Data shown START
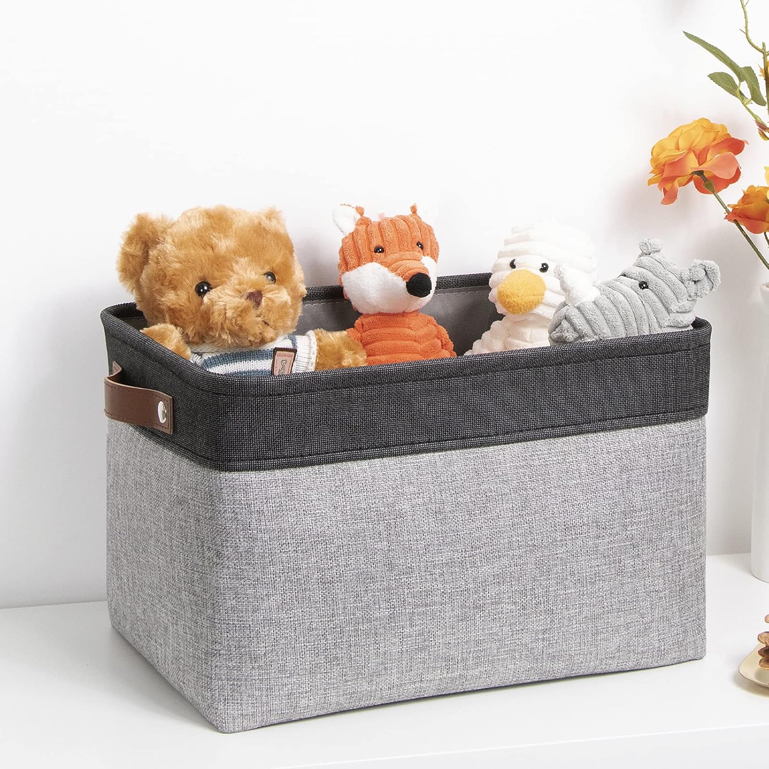 DULLEMELO Fabric Storage Basket for Shelves/Closets, Collapsible Rectangle Basket for Organizing Clothes, Toys, Towels, Books, Laundry, Nursery, Dog Toy Basket Empty (Black&Gray)
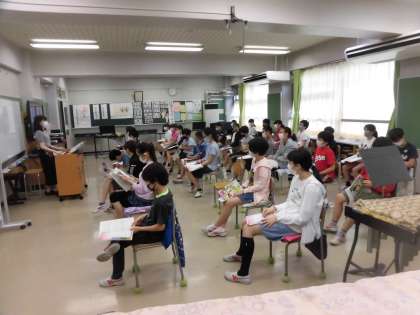 音楽室では机を使っていませんが、座る椅子の間隔をとり、歌唱教材も教科書の楽譜を見てイメージしたり、担任が用意したCDを聴きながら心の中で歌ったりしています。また、学習カードを工夫して、考えたことや感じたことを記入して学習を進めています。
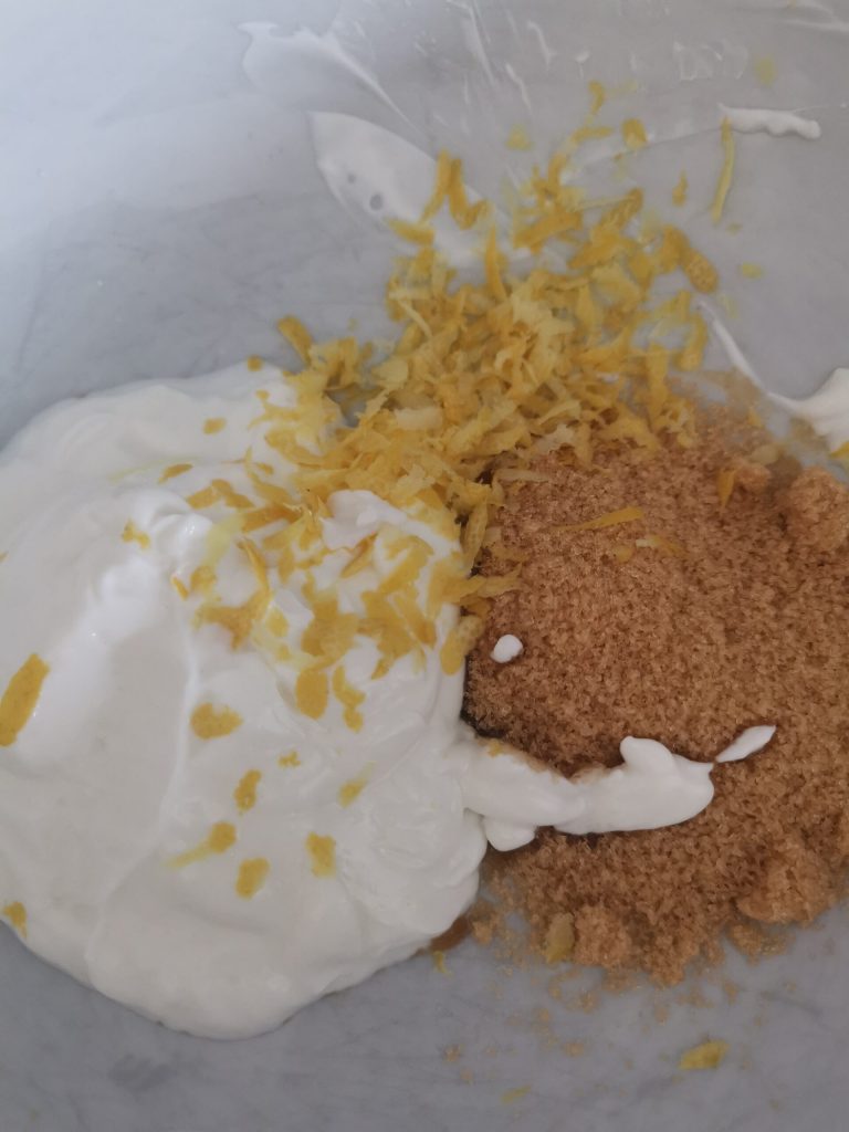 Dans un saladier, mélangeons ensemble le yaourt et le sucre.
Data shown END
▶ **Exercise description**
Would you retype all the material above exactly, apart from its pictures?

▶ **Task response**
 DULLEMELO Fabric Storage Basket for Shelves/Closets, Collapsible Rectangle Basket for Organizing Clothes, Toys, Towels, Books, Laundry, Nursery, Dog Toy Basket Empty (Black&Gray)
 音楽室では机を使っていませんが、座る椅子の間隔をとり、歌唱教材も教科書の楽譜を見てイメージしたり、担任が用意したCDを聴きながら心の中で歌ったりしています。また、学習カードを工夫して、考えたことや感じたことを記入して学習を進めています。
 Dans un saladier, mélangeons ensemble le yaourt et le sucre.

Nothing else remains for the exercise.